My wife and I are the proud parents of six beautiful children. Raising six kids in this day and age is challenging, to say the least. We love each other very much, but with so many different personalities interacting, sometimes there is discord. For the most part, we all get along pretty well. But it hasn’t always been that way.
My wife and I started our yoga journey five years ago and have since immersed ourselves in yoga in every sense of the word. My wife, Yulady, is now an accomplished yoga teacher and I recently left my job as a criminal defense lawyer after 23 years and am now a yoga teacher as well. We both practice yoga everyday. We also practice asana everyday. The transformation yoga has brought about in our lives as people and parents is staggering.
Before we practiced everyday, we were exercise fanatics. We enjoyed many forms of exercise such as rock climbing, weightlifting, cardio, etc. The physical benefits of exercise can’t be denied and we rode those endorphins for many years.
While we were physically strong and in shape, everything else was a mess. We were quick to become angry at the smallest of issues. We used very traditional parenting methods (time-outs, grounding, taking away privileges, etc.) and thought we were doing a good job of preparing our children for the world.
In reality, we were not creating serenity in our home. Both my wife and I carried a tremendous amount of stress. We felt like the world owed us something and we generally thought of our own needs before thinking about the needs of others, including our children. Although we didn’t realize it, we passed this stress along to our children.
Then we found yoga. Believe it or not my ex-wife, with whom we maintained an excellent relationship, suggested we take a yoga class to complement the other exercises we were doing. The light switch didn’t go on immediately. We simply exercised through what we thought was yoga, namely asana practice. It felt marvelous every time we left a class. Our obsession with other exercise fell off sharply.
The draw of yoga was so powerful, and we were so new and naïve, that we had no clue why we felt like we did. As our interest and knowledge grew and we soon learned that yoga had a much broader definition than poses and was instead a lifestyle, encompassing everything from diet to meditation and even breathing.
As we delved into yoga, our lives changed, and our attitudes toward everything changed. Our parenting style radically changed. When there was fighting between the kids, we would attack the issue from a totally different place, a place of deep love and kindness. Instead of time-outs and punishments, we would sit them down and do breathing exercises and meditation techniques.
As if by magic, the children were changing before our eyes. The breathing and meditation we were using with them really was an attractive solution that the kids actually enjoyed. Our children saw the difference. Our children became more and more curious about meditation, asana, and breath exercises, basically all of it because they saw how different we had become.

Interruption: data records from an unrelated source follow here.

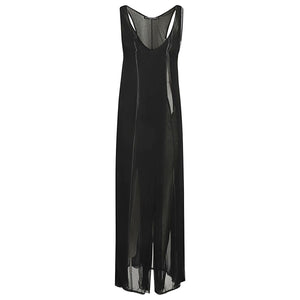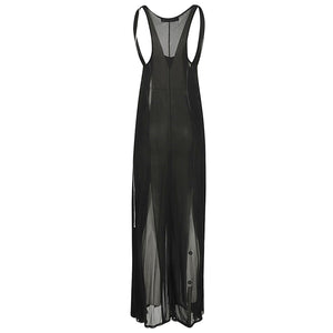 Abito lungo nero senza maniche, semitrasparente, scollo a U. Long tank dress Size and Fit - This piece fits true to size. We recommend you get your regular size. Model is 1,75m / 5ft 8in wearing size 36 (FR)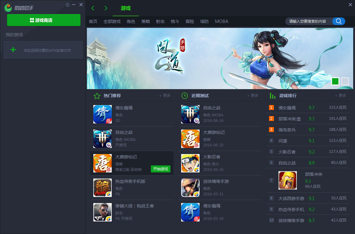 三、游戏安装,左侧大厅如果有你喜欢的游戏,将鼠标移动到该游戏附近,出现开始游戏按钮
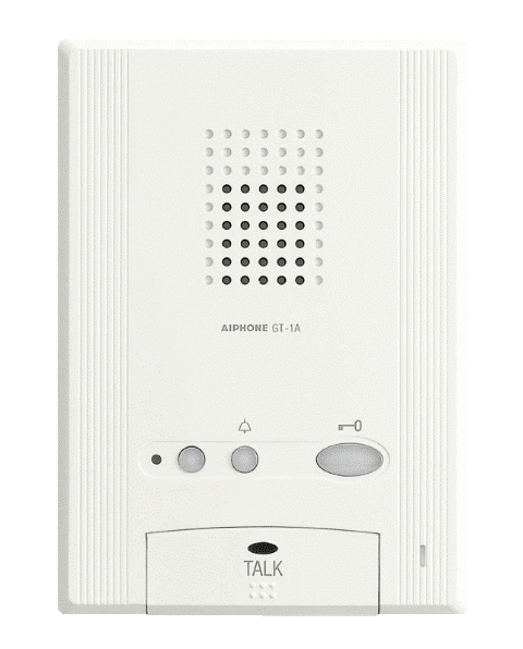 The GT-1A is an audio only tenant station for the GT series Multi-Unit entry system. It is equipped with a Talk, Door Release, and optional Service Button.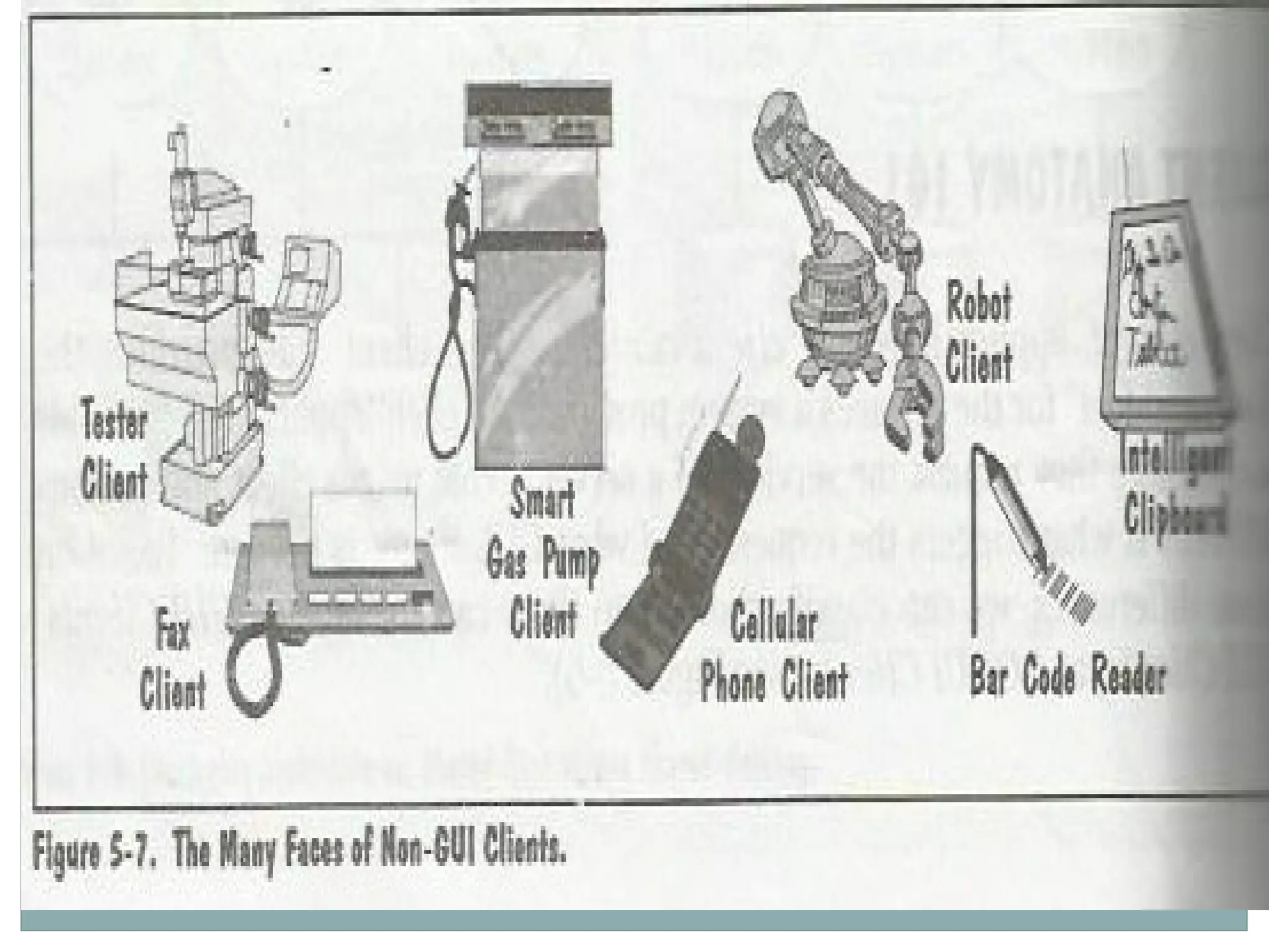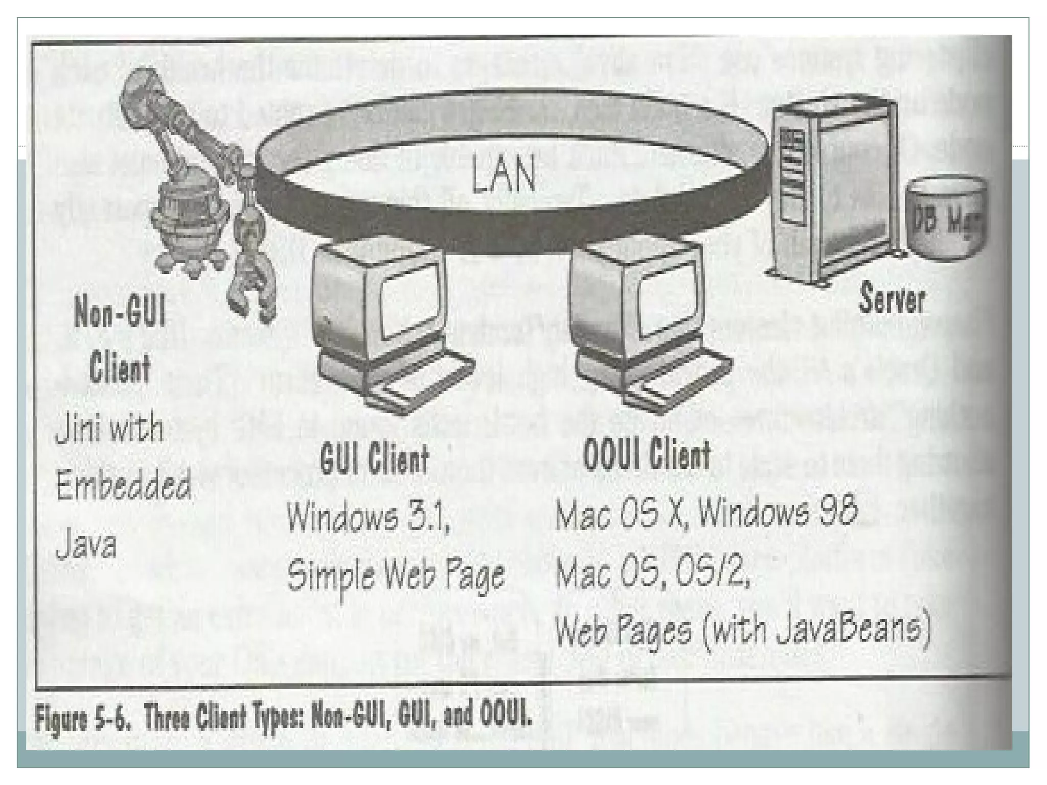 This document discusses different types of client-server computing. It describes three categories of clients: non-GUI clients like ATMs that require minimal human interaction; GUI clients that use graphical user interfaces; and OOUI clients that allow direct manipulation of objects. It also outlines the needs of clients from an operating system, including communication with servers, multitasking capabilities, and secure execution of mobile code. Trends are discussed as well, such as the growing diversity of client devices and the rise of application servers.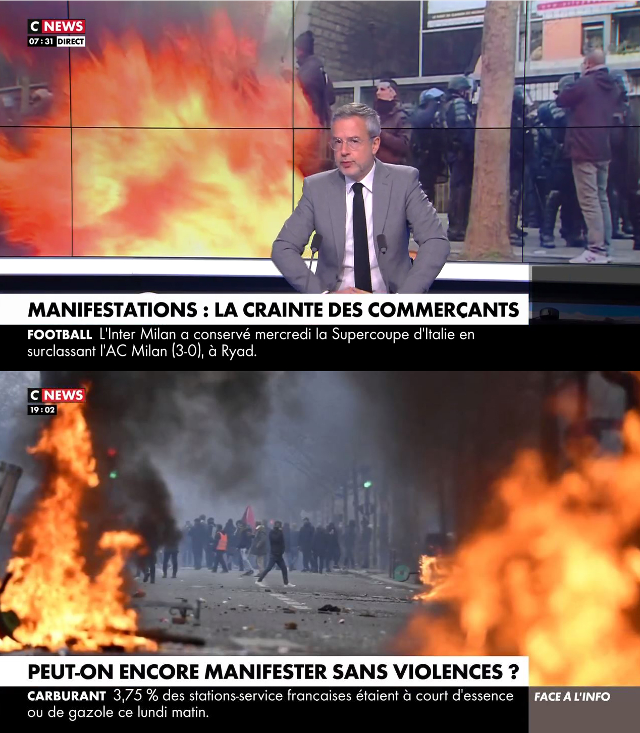 Oui, cette semaine, ces chaînes d'info ont diffusé de nombreuses images d'archives anxiogènes dans les jours qui ont précédé la mobilisation du 19 janvier. La crainte des débordements, certainement.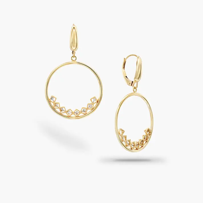עגילי זהב 14K בצורת חישוקים תלוים המשובצים בצידם הפנימי בזירקונים נוצצים. אורך העגילים 4 ס"מ וקוטרם 2.4 ס"מ.

Our home became a quite place, full of love and caring. Gone were the bickering, fighting, selfishness and angst. By infusing our yoga practice into our parenting, we had found a way to help our children deal with life on a more authentic and original level.
Instead of punishing our kids, we help them meditate on what they did wrong. Now they like to meditate just because it brings peace and calm. Instead of yelling at them about this or that, we sit quietly with them and do breathing exercises. Now we don’t have to explain the benefits of the breathing exercises because they do them on their own. Instead of getting angry, we practice asana with them.
Guess what? Now they ask to practice asana with us. They range in age from 6 to 19 and they get it. Yoga works. It makes you a better person and certainly a better parent. We believe it’s our job as parents to give our children the tools to handle life. We freely give to them what was given to us. Raising little yogis is not easy, but it’s a heck of a lot easier than raising little non-yogis! I know our children will pass this gift to their own children.